ペルシャ湾(別名アラビア湾)沿岸諸国のうち特にイラン、カタル、サウジアラビア、ア首連一帯には油田に加え天然ガス田が多数あり、これら4カ国の天然ガス埋蔵量は世界全体の37%(イラン16%、カタル14%、サウジアラビア4%、ア首連3%)に達する。中でも最大のガス田はペルシャ湾にあるカタルの「ノース・フィールド・ガス田」と、イランの「南パルス・ガス田」である(上図参照)。カタルの北部或いはイランの南部にあるため、それぞれの名称に「ノース(北)」或いは「南」が付けられているが、地質学的には単一のガス田である。
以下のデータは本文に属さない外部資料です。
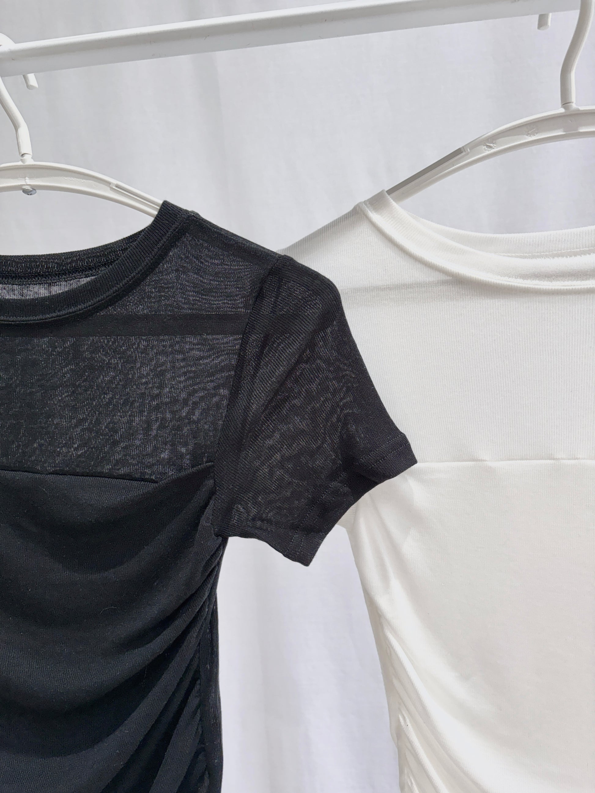 Half Sheer Double Layered Shirring Tee (2 Colours)

天然ガスの多くは地下の地層中に石油と共に存在しており、石油と一緒に産出されるため「随伴ガス」と呼ばれている。しかしイラン・カタル沖合ガス田はガスのみを産出する非随伴性ガス田(別名:構造性ガス田)であり、この種のガス田としては世界最大である。
現在カタル側の「ノース・フィールド・ガス田」及びイラン側の「南パルス・ガス田」双方で大規模な開発プロジェクトが進行しており、生産された天然ガスはパイプラインで国内各地に供給され或いはLNGとして輸出されている。天然ガスは石油に比べ環境負荷の少ないエネルギーとして評価が高く、世界の天然ガス需要は今後20年間、年率2.4%で増加すると推定されている。「南パルス」及び「ノース・フィールド」両ガス田の開発は両国の命運を賭けた最重要プロジェクトである。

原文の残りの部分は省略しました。